Research
20 Mar 2024Galleri test: is this blood test for prostate cancer effective?
There’s a lot of excitement over the potential of tests that look to detect numerous types of cancer (known as multi-cancer early detection tests, or MCEDs for short). Many MCED tests are currently in development, including the Galleri test, developed by a company called Grail. Here is what we think about this test in relation to prostate cancer.
What is the Galleri test?
Galleri is a blood test that looks for DNA fragments in the blood that may have come from cancer cells. There are differences between the DNA of healthy cells and the DNA of cancerous cells, and the test aims to use these differences as signals that might indicate that a patient has cancer.
Researchers hope this test will pick up cancers at an early stage. Diagnosing cancer early means there is a greater chance of treating it successfully.

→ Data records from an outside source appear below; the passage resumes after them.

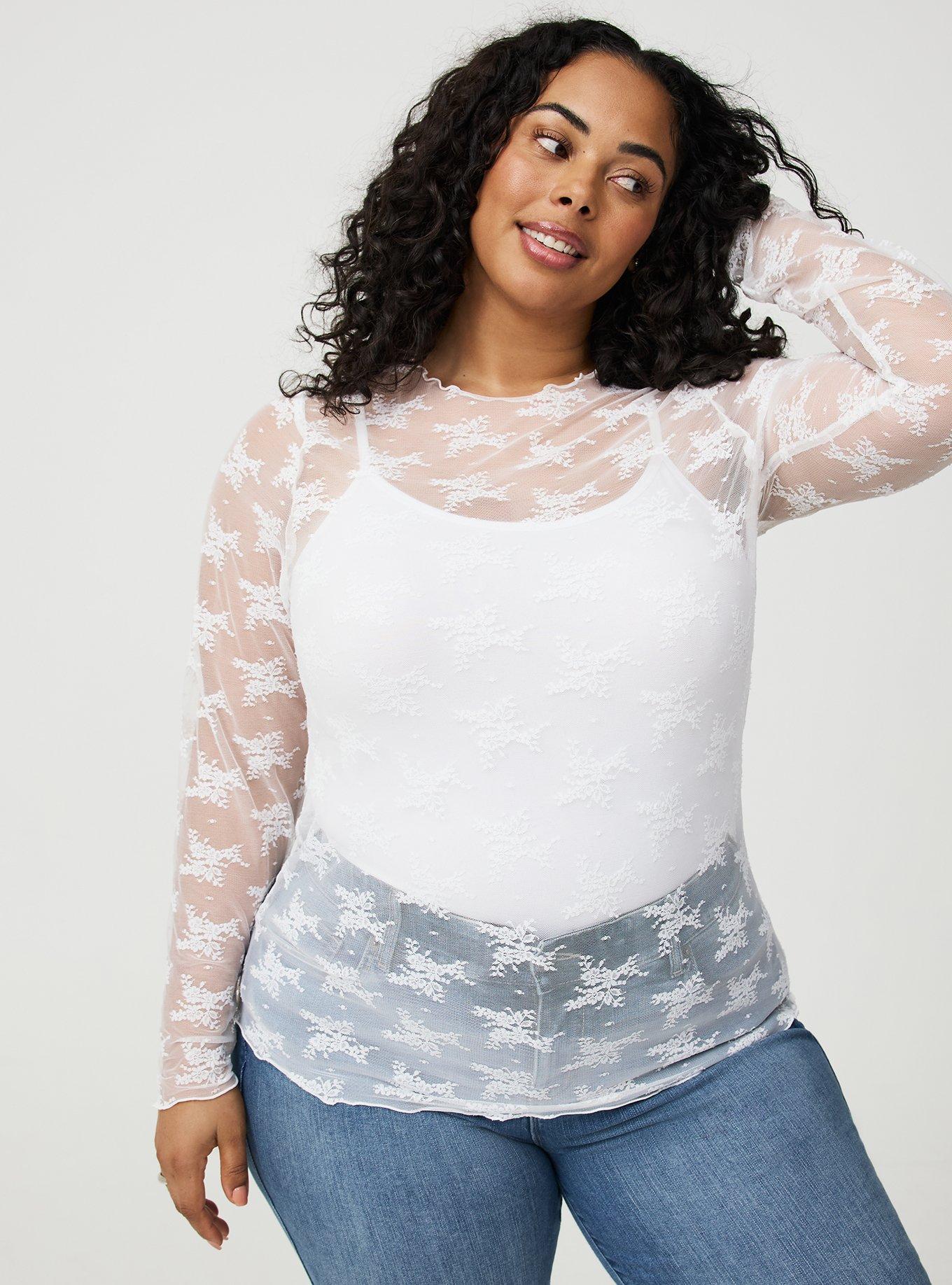 Sheer Lace Long Sleeve Crew Top
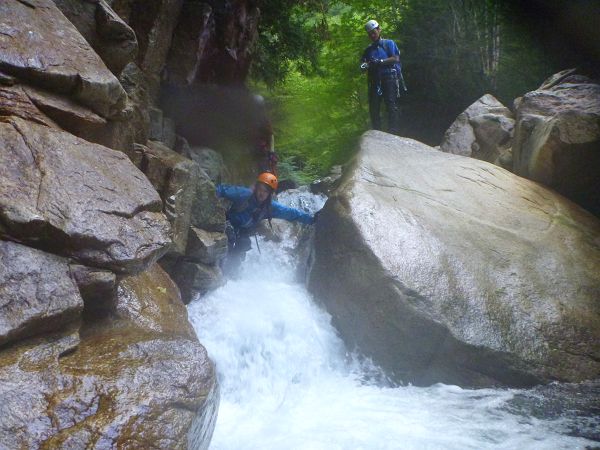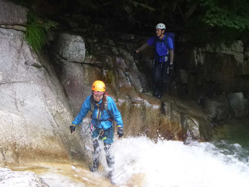 続く7m滝の左岸側を登ると気持ちのよいナメが現れる。なおちゃんが流れを横切るのをいやがっている。どうも流れに足を掬われるのが怖いようだ。ふ〜ん,飛び込み,泳ぎ何でも怖いものなしのなおちゃんでも怖いものがあるんだねえ。なんとか横切る。「体重の差だねえ(^^)」と私。「でもシュークリームさんとそんなに体重違わないでしょ」となおちゃん。私は細そうに見えるが,身体が締まっているだけで実は60キロ以上はあるのだ。それを聞いてなおちゃんも納得した様子。
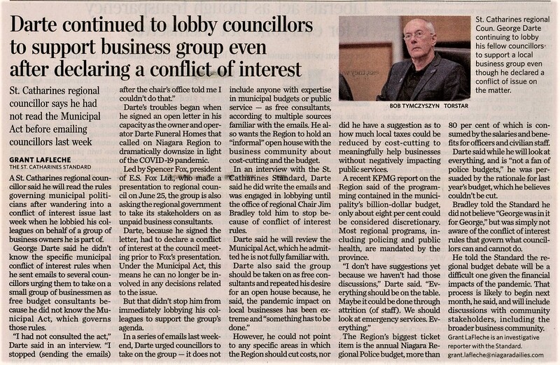- Darte continued to lobby councillors to support business group even after declaring a conflict of interest : St. Catharines regional councillor says he had not read the Municipal Act before emailing councillors last week
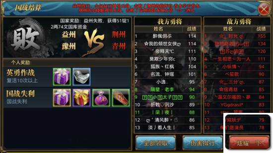 恭喜荆州拿下这场2V2国战的胜利。小编觉得益州输在后期人员输出不足以及高额劣势上,第一波抢两点速度过慢,2分钟足以让中央神兽掉血惨重。希望益州不要气馁,整装待发,重燃热血,荆州等待着你们的宣战!
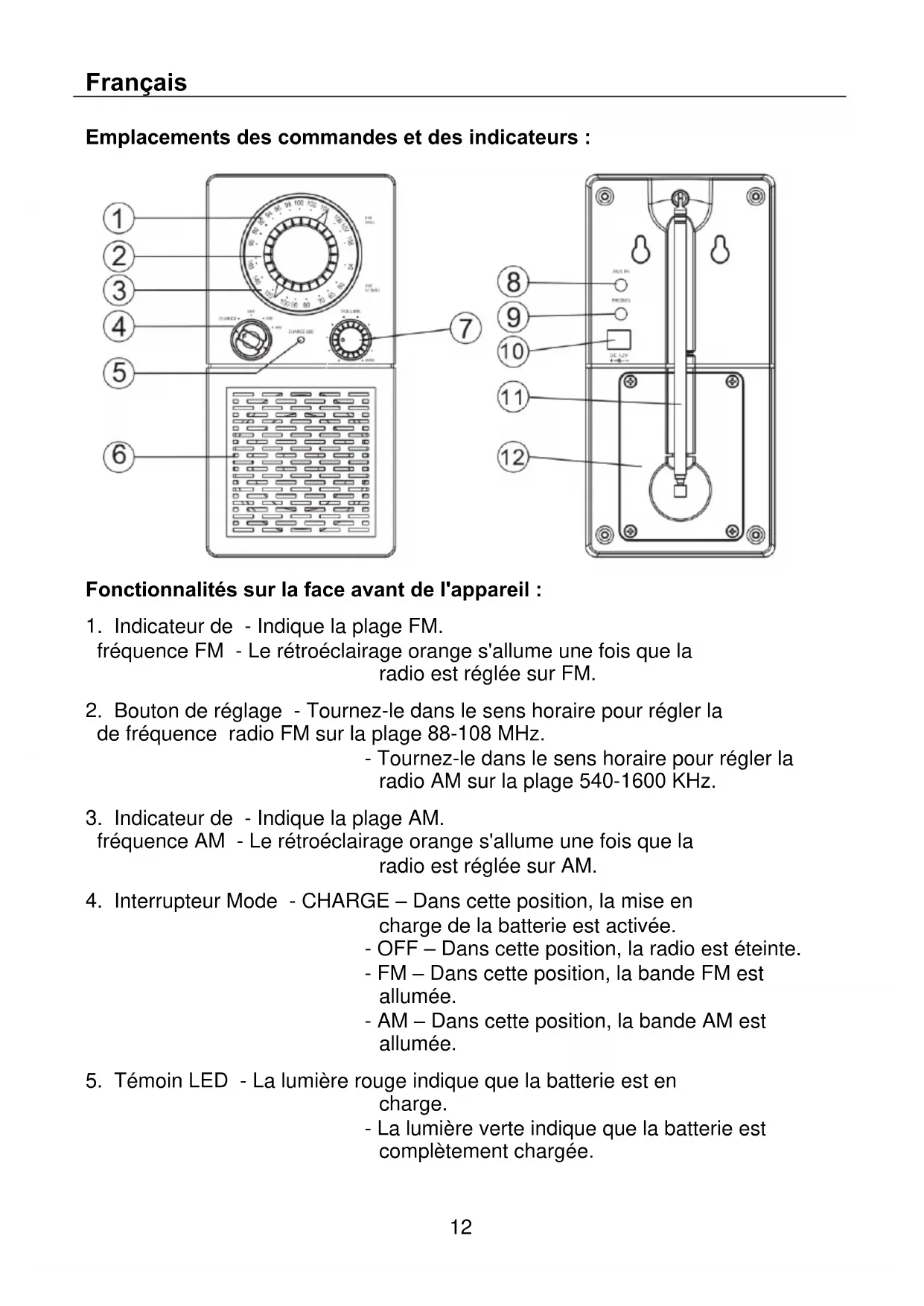 - Veuillez noter que la réception de la radio s'affaiblit et que le son peut être déformé lorsque la batterie a besoin d'être chargée.
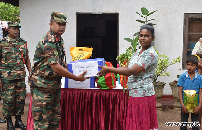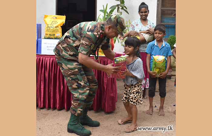 Those relief packs contained rice, dhal, spices, cereals, dry fish, milk powder packets, etc and the project was totally coordinated by the Commander, 141 Infantry Brigade with the blessings of the Commander Security Forces -West. A section of those troops who pocketed out money for the humanitarian project went to their doorstep and handed over the consignment of relief items.
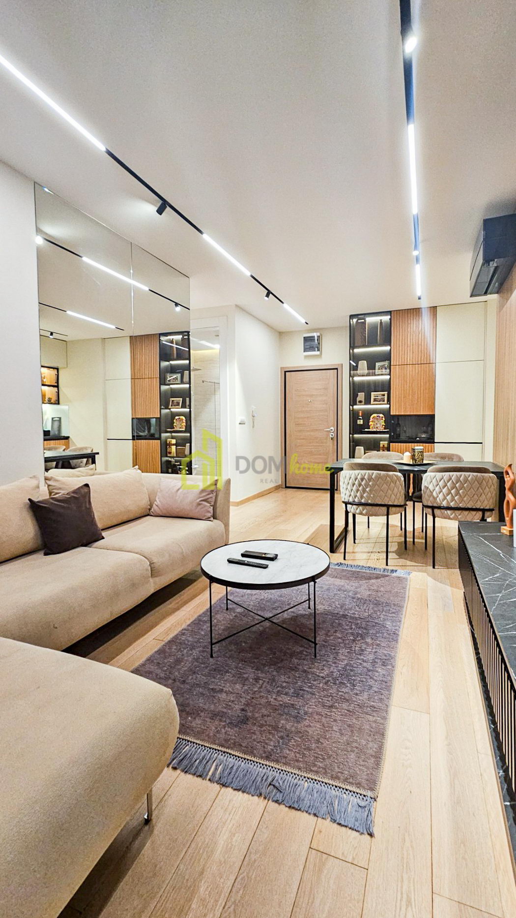 Nalazi se u ekskluzivnom objektu Euroglobus Residence na prvom spratu. Riječ je o ekskluzivno namještenom dvosobnom stanu, velicine 57 m2, na prvom spratu objekta.
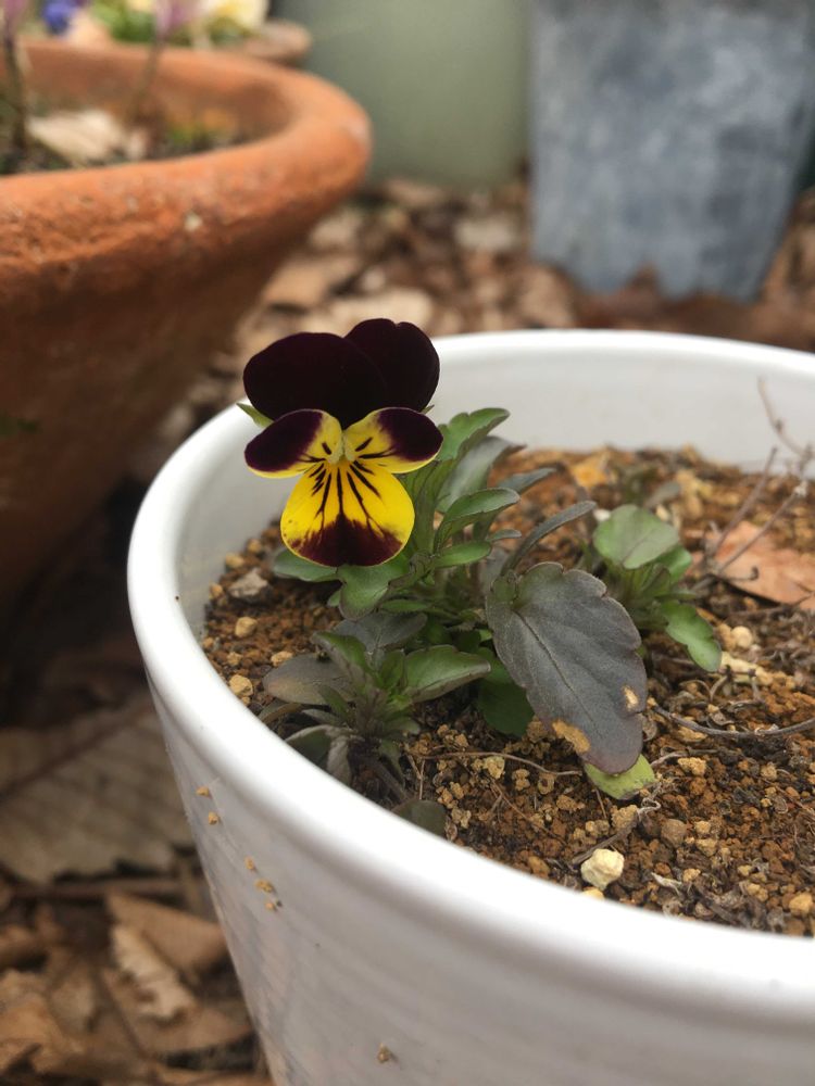 ①ずっと葉っぱ🌱と蕾だったビオラが咲いた!可愛い色❤️
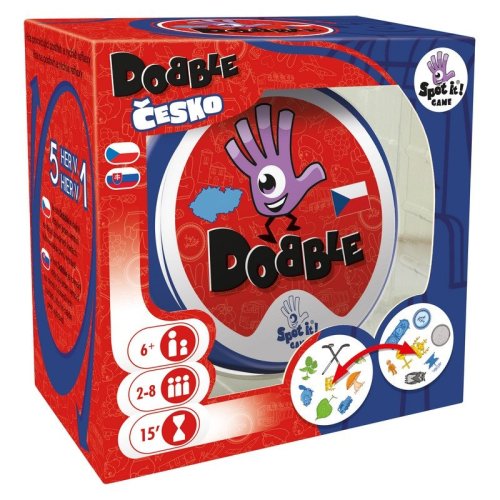 Populární postřehová hra nyní na motivy Česka. Ikonické symboly z českého prostředí a historie si oblíbí opravdu každý! Rychlost, postřeh, reflexy! Dobble to je 50 různých symbolů, 55 karet, 8 symbolů na kartě a každé dvě karty spolu mají společný pouze jeden. Hra nabízí zcela unikátní zábavu. Hráči zde hledají dva stejné symboly na kartách při různých verzích hry (v pravidlech je popsáno celkem 5 her). Super jsou kulaté karty i jednoduchá pravidla vysvětlená doslova za pár sekund. Cílová skupina jsou děti i rodiče - všichni, kdo se chtějí pořádně bavit a nemají čas pročítat dlouhá pravidla. Plechová krabička zaručuje bezpečí karet a je i další přidanou hodnotou. Vyzkoušejte i Vy hru Dobble a budete nadšení, jak i tak jednoduchá hra může být zábavná.
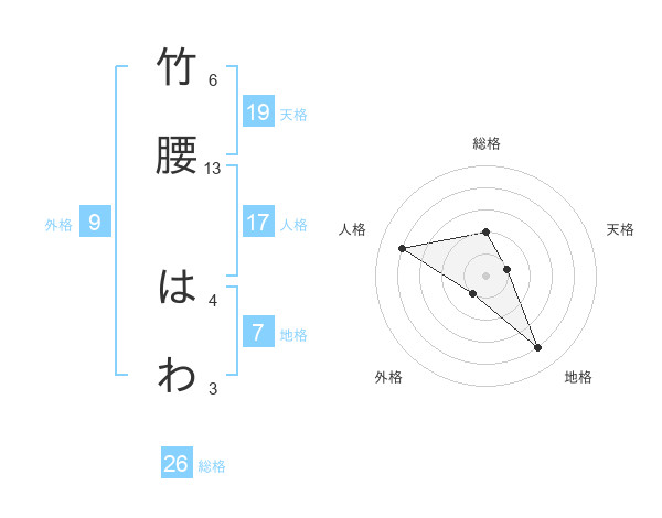 竹腰 はわさんを姓名の画数から五運を鑑定

In earlier studies, the Galleri test was able to able to detect a signal shared by more than 50 different types of cancer, including prostate cancer, but the accuracy of the test varied considerably depending on the location and type of the cancer.
How well does the Galleri test perform in prostate cancer?
Findings from the Circulating Cell-free Genome Atlas study show that the test was highly accurate at ruling out cancer, correctly identifying 99.5% of the people without the disease.
The test also picked up just over half of the known cancer cases. This varied considerably across different cancer types, with promising results seen for cancers of the liver, head and neck, oesophagus, and pancreas (among others).
However, when specifically looking at prostate cancer, the Galleri test correctly identified just 11% of the men with prostate cancer. This means 89% of men with prostate cancer were missed.
Results also showed that the test’s ability to pick up cases of prostate cancer varied widely depending on the stage of the cancer. While the test found most of the most aggressive, stage IV cancers (correctly identifying 25 out of the 30 men with stage IV prostate cancer), the test missed the vast majority of men with localised disease (finding just 3% of men with stage I cancer, and 5% of men with stage II).
These findings are extremely important because for a diagnostic test to be effective, it needs to find not only the advanced cancers (stage IV), but also the cancers that are still localised and contained within the prostate (stages I and II), since these cancers are much more treatable and potentially curable.
In addition, the test’s performance in the PATHFINDER study and SYMPLIFY trial has not improved the case for using the Galleri test in prostate cancer.
What do we think about the Galleri test?
While we look forward to seeing further results from these multi-cancer early detection tests, the data for prostate cancer specifically remains uncompelling and so researchers will need to look at other approaches to accurately detect prostate cancer.
This must also not come at the additional cost of men undergoing invasive biopsies only to find out they do not have cancer, or diagnosing men with the disease, and subjecting them to harsh treatments, when their cancer is unlikely to harm them.
That’s why we recently announced a £42 million trial to find the best way to screen men for prostate cancer, so one day all men at risk are invited for regular tests to find aggressive cancers in time for a cure.
In the meantime, the UK’s National Screening Committee is currently reviewing the existing evidence for different screening programmes for prostate cancer, and we eagerly await the outcome of this review.